= Philharmonia Hungarica =

German symphony orchestra

The Philharmonia Hungarica was a symphony orchestra, based in Marl, Germany, which existed from 1956 to 2001.

==History==
The Philharmonia Hungarica was first established in Baden bei Wien near Vienna by Hungarian musicians who had fled their homeland after it was invaded by Soviet troops. This refugee ensemble gathered together some of Hungary's finest musical talent and was directed by Zoltán Rozsnyai, former conductor of the Hungarian National Philharmonic. After two years it moved to Marl with funding from the North Rhine-Westphalia government.
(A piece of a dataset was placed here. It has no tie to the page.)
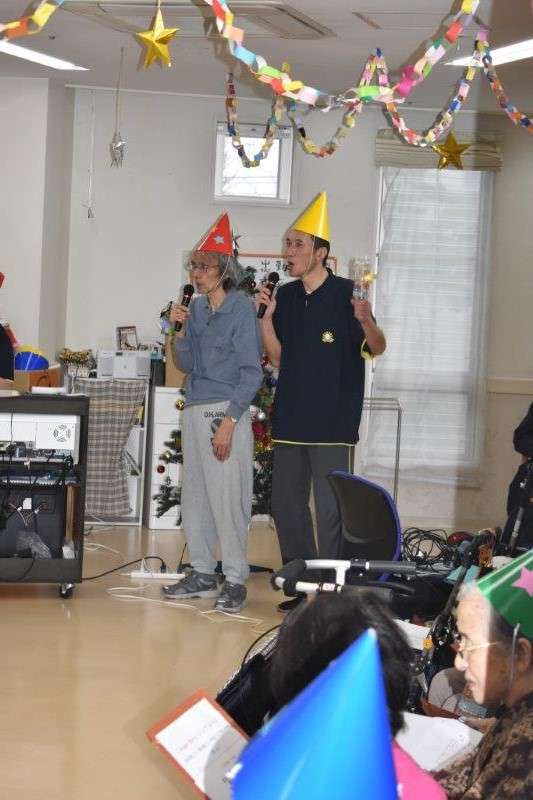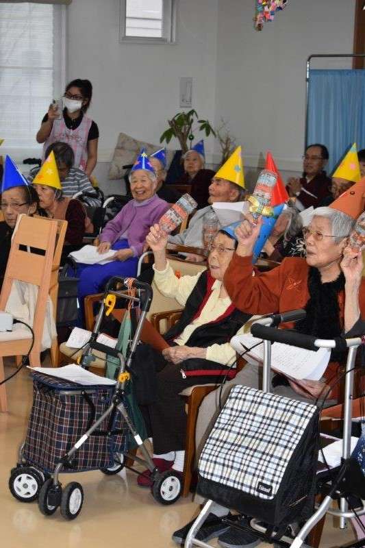 3階の皆さまは歌に合わせて手製のマラカスで演奏をしてくださいました。

Through the efforts of Rozsnyai and honorary president Antal Doráti, the Philharmonia Hungarica quickly matured into one of Europe's most distinguished orchestras.

Soon after its foundation Doráti recorded two Bartók LPs, Respighi, two Haydn symphonies, Tchaikovsky and Arensky on the Mercury label. An abridged Orphée aux Enfers (in German) with Adolf Dallapozza and Anneliese Rothenberger, conducted by Willy Mattes, and a Wiener Blut with Rothenberger, Nicolai Gedda and Renate Holm conducted by Willi Boskovsky were also set down. During the 1970s, Doráti and the orchestra, under contract with Decca Records, made a recording of the complete Joseph Haydn symphonies; only two other ensembles, the Austro-Hungarian Haydn Orchestra, conducted by Ádám Fischer, and the Stuttgart Chamber Orchestra, conducted by Dennis Russell Davies have since repeated this feat. Doráti's recording was widely reported as the first, although Ernst Märzendorfer had earlier recorded the complete Haydn symphonies with the Vienna Chamber Orchestra, although it was given a very limited release. Again using the St. Bonifatius Kirche as the recording venue, Doráti and the orchestra also recorded Kodály's orchestral music in 1973.
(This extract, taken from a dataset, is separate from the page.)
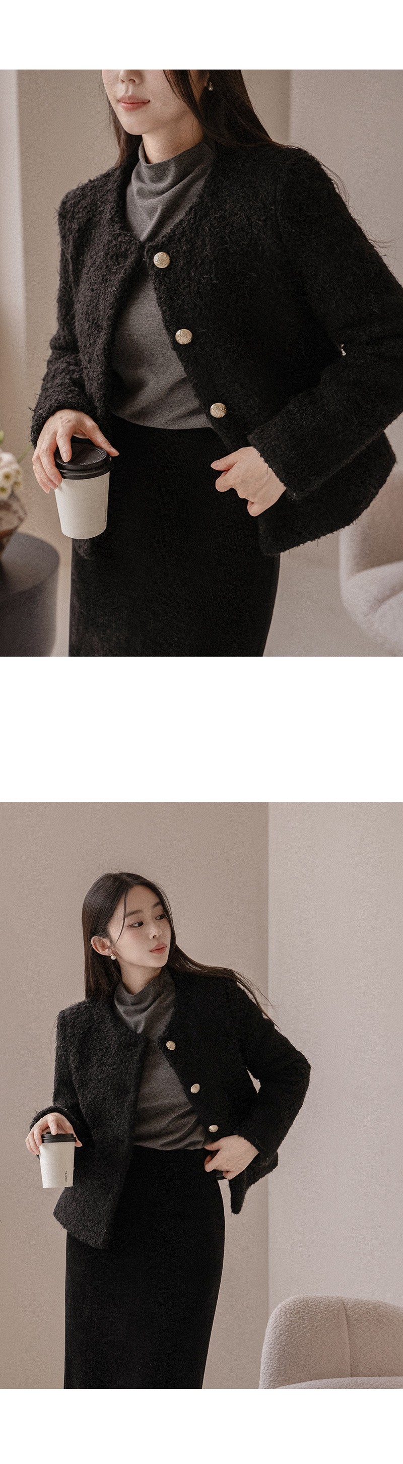 • Mono Button Wool Boucle Jacket Korea

The orchestra made several concert tours, within Europe and in North America and appearing at music festivals. Premieres given by the orchestra included Hunyadi László (1982) by von Einem for the orchestra's 25th anniversary, Clarinet Concerto (1986) by Giselher Klebe, and the Piano Concerto (1992) by Krzysztof Meyer. In 1976 the Philharmonia Hungarica recorded Jon Lord's critically acclaimed 'Sarabande' album, an original collection of movements inspired by the baroque dance suites.

From the orchestra's inception, the West German government sought to harness its anti-Soviet propaganda potential. As a result, the government generously funded the orchestra throughout the Cold War and continued subsidies after the Iron Curtain fell in 1990. The withdrawal of state subsidies at the start of 2001, combined with the long-term decline in concert attendances, aggravated the financial problems that threatened the orchestra's survival.

After Rozsnyai, the chief conductors were Miltiades Caridis (1960–67), Alois Springer (1968–74), Reinhard Peters (1975–79), Uri Segal (1979–85), Gilbert Varga (1985–91) and finally George Alexander Albrecht.

The beleaguered Philharmonia Hungarica finally disbanded after giving a farewell concert in Düsseldorf on 22 April 2001, featuring a performance of Anton Bruckner's Symphony No. 9 including the finale (Ed. Nicola Samale, John A. Phillips, Benjamin-Gunnar Cohrs and Giuseppe Mazzuca) conducted by Robert Bachmann, as well as the first German performance of the finale fragment, edited by John A. Phillips, conducted and presented by Cohrs. The concert was attended by an estimated audience of 150 in a concert hall meant to hold 2000 (Tonhalle Düsseldorf), after members of the German Orchestral Union had falsely announced in public that the concert would be cancelled. Plans to rescue the orchestra failed, because there was no political interest any longer to keep it alive.